We did get one brief foray below -50% (solid pink line) all the way down to -61% (solid orange line) back in January of 2015. As of today's writing, the 200-day moving average sits at $40,491 on BitStamp (via TradingView.com) - here are the key levels:
-40% below the 200d MA = $24,294
-44% below the 200d MA = $22,674
-50% below the 200d MA = $20,245
-61% below the 200d MA = $15,791
This is just one of our charts/indicators and one small piece of analysis and gauging probabilities. This study has been helpful throughout the years - but like any technical reading, new highs and lows can occur - given the macro backdrop and the potentially unresolved and opaque situations at MicroStrategy and Celsius, we very well could see the -50% breached if BTC heads decidedly below $20k. That said, if that were to occur, we would expect it to be a low probability that those sub -50% readings could persist for more than a short period of time.
Here is one more chart of BTCUSD from BitStamp exchange via TradingView.com with the 1st panel below the price showing flat lows (short horizontal green line) in 14-day RSI momentum vs lower lows in price (short declining red line) from May 12th through the present. This isn't a huge divergence but still counts for now as slightly bullish. The other 2 bottom panels of momentum indicators show deeply oversold conditions but there are no momentum divergences yet. This evidence would suggest that after some relief we may well need one more trip down to lows from last night (at which point some divergences might show up).

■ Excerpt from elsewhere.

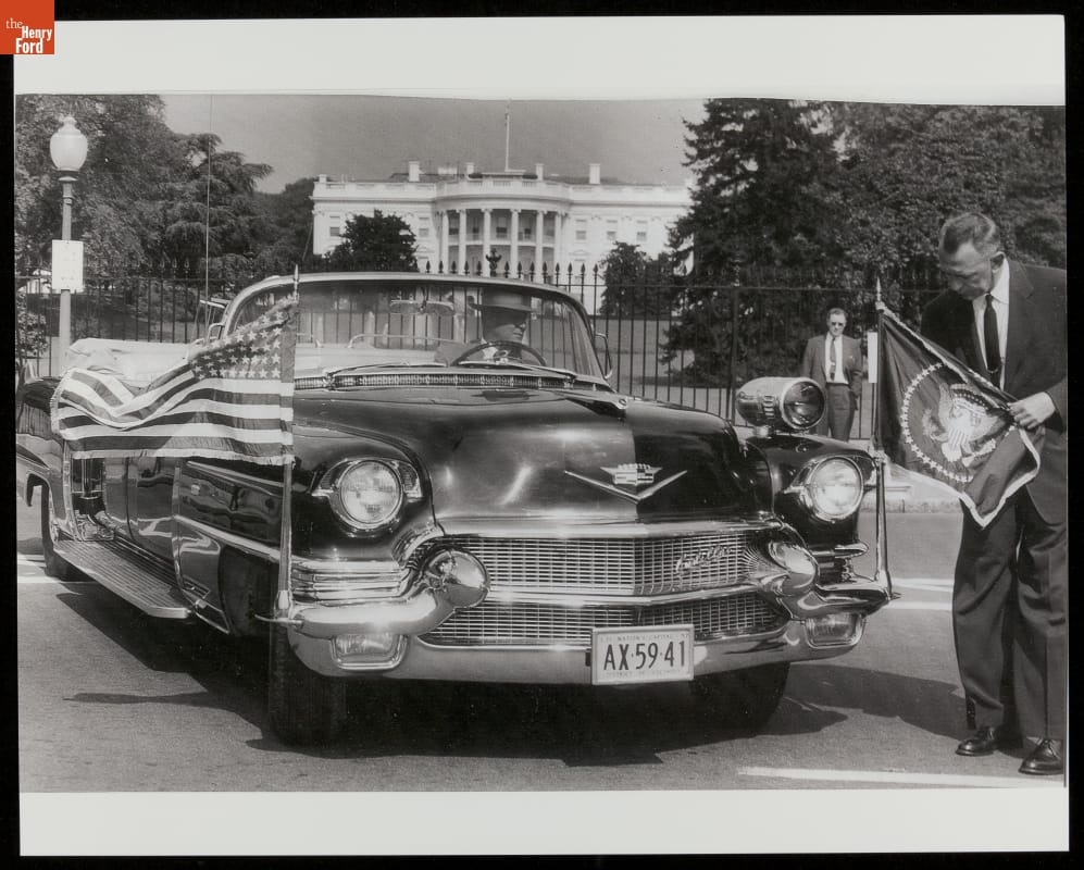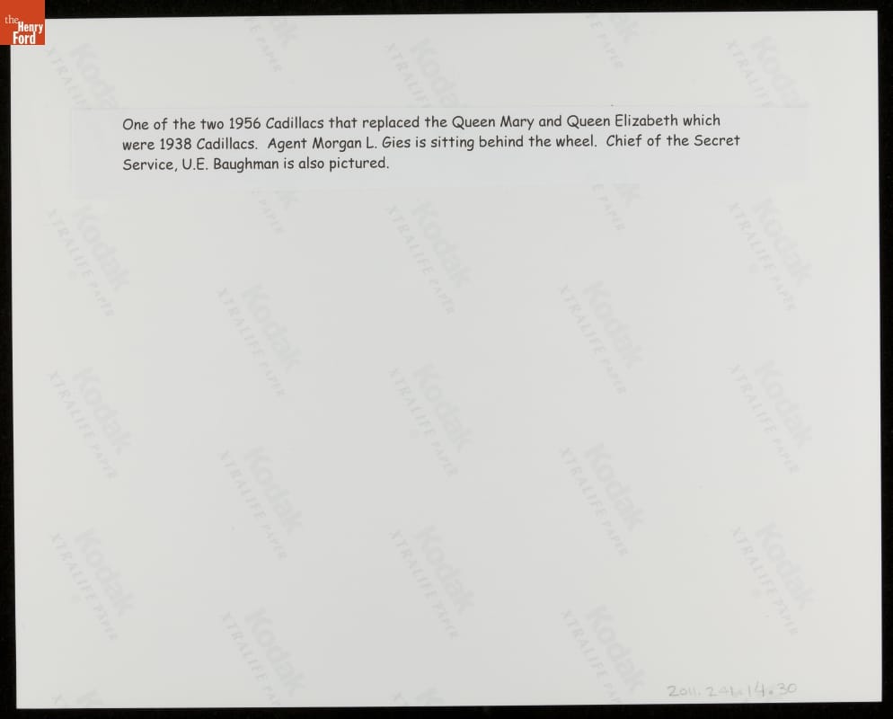 United States Secret Service agent Morgan L. Gies was responsible for White House vehicles from 1941 to 1967, serving five presidents. This photograph from his personal collection shows a 1956 Cadillac. Ohio company O'Gara-Hess and Eisenhardt custom-built two of these convertibles -- Queen Mary II and Queen Elizabeth II -- for presidential motorcade duty. They served Presidents Eisenhower, Kennedy, and Johnson.

Tuesday (June 14th) and going forward for the remainder of June:
Tomorrow is the Fed meeting where they are expected to hike rates by 75 bps. The market reaction to the Fed's decision may determine where cryptocurrencies are heading in the short-term if the correlation between the Nasdaq and crypto remains very high. We believe the stock market and cryptocurrencies will experience a snap-back rally very soon here. If this bounce is to be sustainable, we will need to see evidence of both technical and narrative improvement for both markets in the face of inflation, slowing growth, and QT. That said, we will also be on the lookout for a de-linking, or a falling correlation between technology stocks and digital assets. Finally, back to the current market, any move below $20,000 in Bitcoin could see a flush to roughly the $16,800 - $17,500 area or lower. We remain cautious and vigilant over the coming months and have positioned the portfolio accordingly.

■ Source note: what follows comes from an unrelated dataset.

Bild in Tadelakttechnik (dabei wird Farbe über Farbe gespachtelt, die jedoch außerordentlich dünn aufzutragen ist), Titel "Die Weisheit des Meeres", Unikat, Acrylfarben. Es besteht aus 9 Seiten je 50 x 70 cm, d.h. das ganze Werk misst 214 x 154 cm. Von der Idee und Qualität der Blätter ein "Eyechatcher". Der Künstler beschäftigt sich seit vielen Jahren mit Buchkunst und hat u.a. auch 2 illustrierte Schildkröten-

Everything feels bearish right now. Sentiment seems very bleak. We've outlined the headwinds. Potential bullish catalysts may be:
Some action by the Fed and/or fiscal stimulus in front of mid-term elections that allows for a relief rally (we grant the current narrative of the Fed being between a rock and a hard place makes this difficult to envision).
A drop in commodity prices
A sell-off in the Dollar Index
Clarity and/or resolution of the MicroStrategy and Celsius situations
Higher digital asset prices (and maybe also a potential de-coupling from a weak tech market)

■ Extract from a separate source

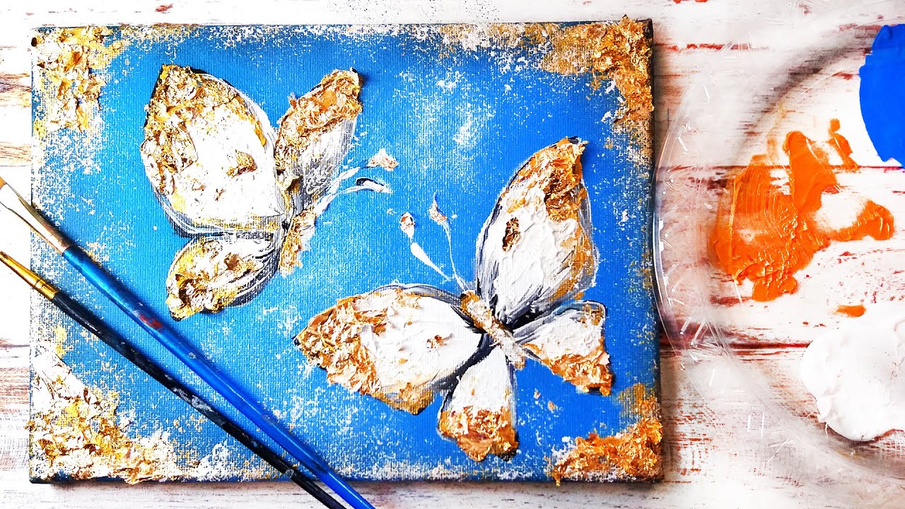 איך לצייר פרפרים בדרך פשוטה 🦋 צבעי אקריליק+ דפי זהב! איך לצייר באקרליק בלי ניסיון קודם בציור! 🎨 2020

The entire cryptocurrency market now has a market capitalization of $912B (as of 6/14 via TradingView.com) — less than half of the $2.9 trillion it was worth in November 2021.
Bitcoin reached a low of $20,816 and for Ethereum, $1074 according to Coinbase via TradingView.com.
We are seeing a combination of headline risk (Inflation, Russia, China, Growth Concerns, etc.) and the underlying consequences of a Federal Reserve that has continued to be dangerously behind the curve on inflation while government spending and debt has spiraled essentially out of control.
The mix of assets and trading options we have put together in the fund we believe help us not only from an investment diversification standpoint, but also on an operational diversification level.
* If beta-exposure is higher-than expected then the beta-adjusted net exposure may be higher (and may mean the portfolio is not fully hedged). There is no guarantee that positioning will not change after the writing of this post.